I agree that our current notions of morality based on evolved mechanisms
tend to remain most effective in smaller communities.

My point is that smaller communities face increasing pressure to merge
with others, with increasing occurrence of conventionally held moral
beliefs being tested against each other, and the tendency is for those
which reflect a more accurate model of reality to be selected for their
greater utility.

>
> 2. You assume that social systems naturally become
> more complex as time goes on. I have two objections
> to this:
>
> A) Societies seem to follow a growth-boom-crash
> pattern; there may very well be tendencies for
> societies to become less stable as they become more
> complex, making crash inevitable. This has been
> a popular idea at least since Rousseau. It is
> usually stated in terms of "moral decay". So all
> those people would disagree with any notion that
> increasing complexity leads to a betterment of
> morals. (I suppose betterment = becoming more
> objective.)
>
> B) See Stephen Gould's book /Full House/. The
> entire book is a debunking of the idea that
> evolution causes systems to become more complex
> over time.

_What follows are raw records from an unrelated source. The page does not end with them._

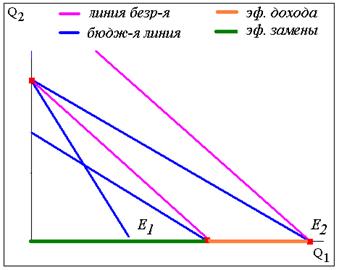 Рис. 6. Эффекты дохода и замены при совершенной заменяемости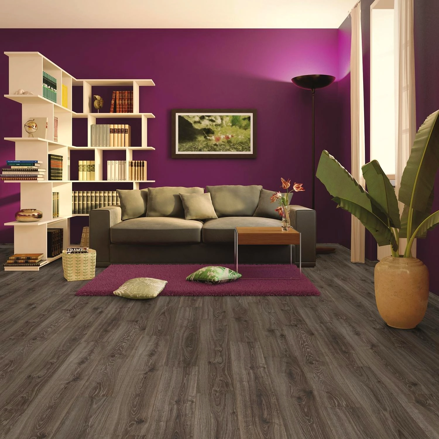 Насыщенный темный древесный рисунок ламината прекрасно дополнит интерьер любого помещения в современном стиле: модерн, хай-тек, лофт, гранж, эклектика. Пол будет органично сочетаться с мебелью и аксессуарами из натуральных материалов, характерных для стилей классицизм, прованс, кантри, шале.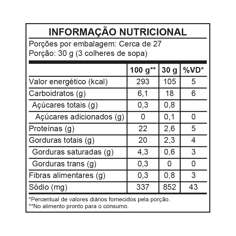 Passou, fritou! A Mistura Completa para Milanesa Ajinomoto® prepara milanesas e empanados em uma só etapa, sem precisar passar no ovo e temperar. Prática, a Mistura Completa para Milanesa Ajinomoto® confere uma casquinha de cor característica, crocante e aderente às suas receitas, além de permitir o toque do chefe. Padronize suas preparações e ganhe agilidade no dia a dia! Utilização: Recomendação de uso: Produto pronto para uso, já temperado. Não é necessário passar no ovo. 10 g de produto empanam 100 g de carne (ex: bife de patinho). Condições de armazenamento: Embalagem fechada: manter em local seco e arejado. Após aberto: manter embalagem bem fechada, longe da umidade.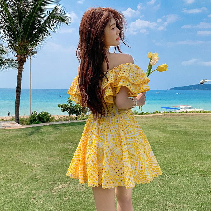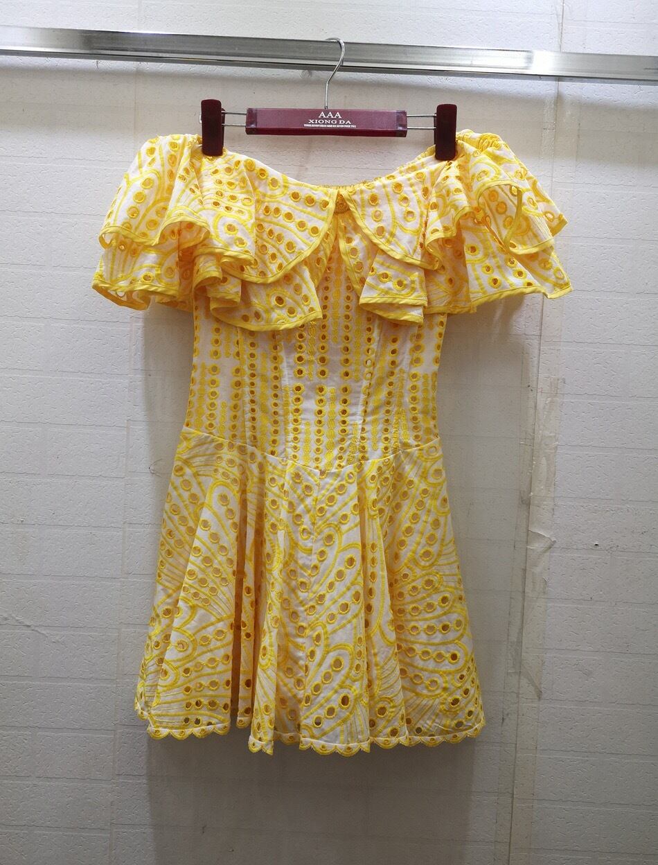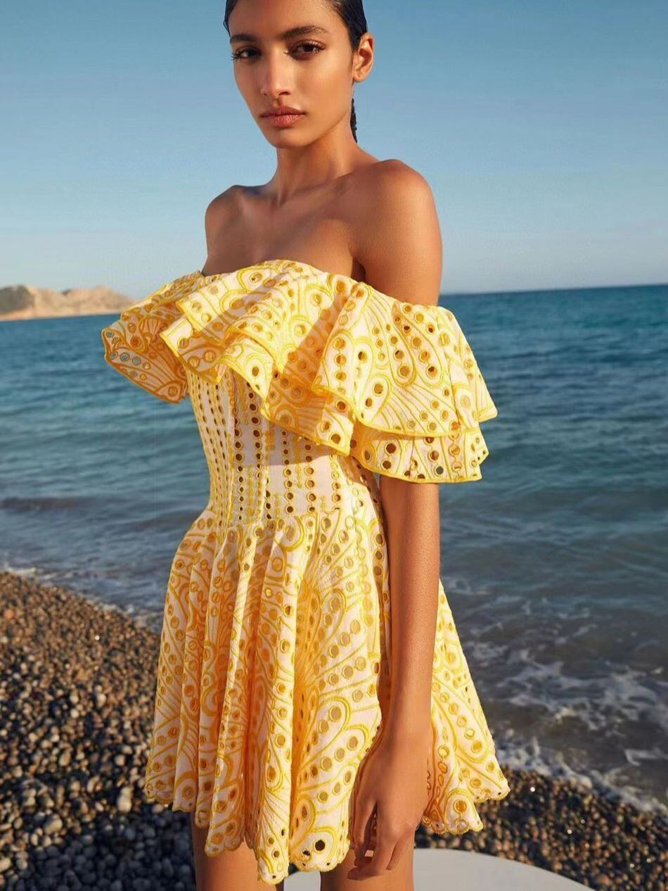 Pinkoz デザイナースラッシュネックバタフライスリーブイエローレース中空アウトミニドレスパーティーナイトファッションハイストリート traf ピンク

Gould claims, with much data to back
> him up, that evolution is a random walk, and that
> there is no tendency for species to increase in
> complexity over time. The distribution of species
> complexity may grow wider over time, but that is
> only because there is a limiting "left-wall"

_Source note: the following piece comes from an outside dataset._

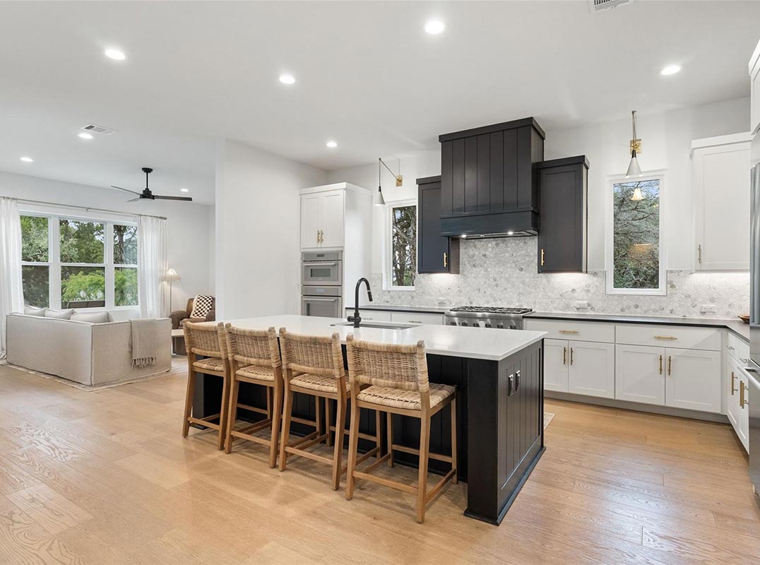 Welcome to a refined retreat in the coveted La Ventana community of Driftwood, where thoughtful architecture, elevated finishes, and natural beauty come together on 1.58 private, tree-filled acres. A long, winding driveway framed by landscaping sets a serene, nature-forward tone and offers exceptional privacy. Inside, natural light fills the open concept living, dining, and kitchen spaces, anchored by a dramatic custom steel and glass full wall window system with an integrated sliding door that creates a seamless indoor outdoor connection. European white oak flooring runs throughout, complemented by custom chandeliers, a statement fireplace with floating shelves, and effortless flow designed for living and entertaining. The chef’s kitchen is a true centerpiece with a quartz-clad island, leathered granite countertops, and Thermador appliances. A dedicated planning room, along with a coffee and beverage bar features quartz counters, built-in storage, and a beverage refrigerator.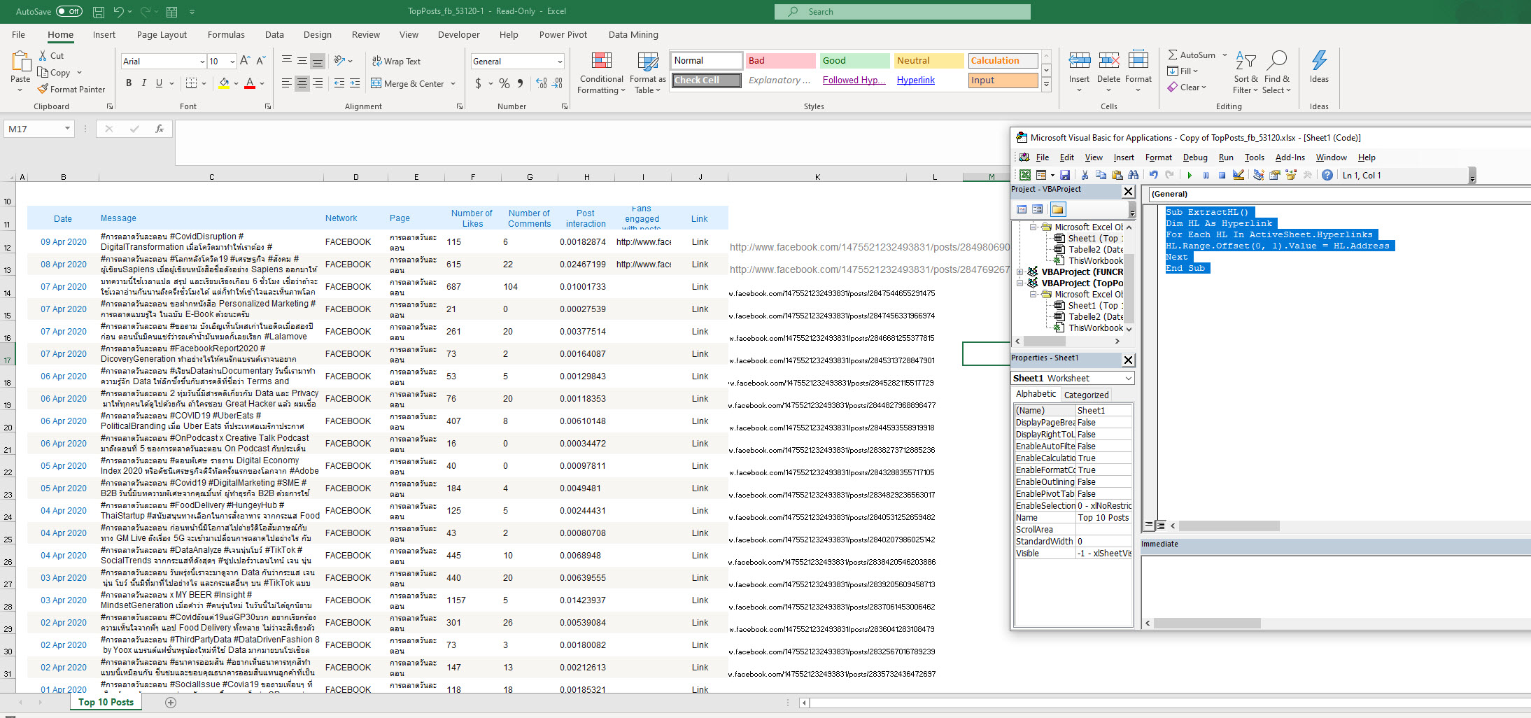 ต้องไปเอา Report จาก Fanpage Kama ที่สามารถ Download มาเป็น Excel Files แต่ติดปัญหา ของ Files ที่ดาวน์โหลดมาและต้องเอาไปใช้งานต่อนั้น ไม่มี Hyperlink แต่ทางเราต้องการ ชื่อ Link ใน Files ที่ Download จะมีวิธีในการทำอย่างไร ?

> minimal level of complexity below which a species
> cannot go. This makes species complexity a
> one-dimensional random walk with a left boundary.
>

I see that Eliezer already responded to this, in agreement with my own
assessment of Gould as well as the reference to accretion of additional
adaptive functions by organisms until they reach a particular metastable
point. I would add only that I see the evolutionary pressure on human
societies rapidly increasing, rather than reaching stability any time soon.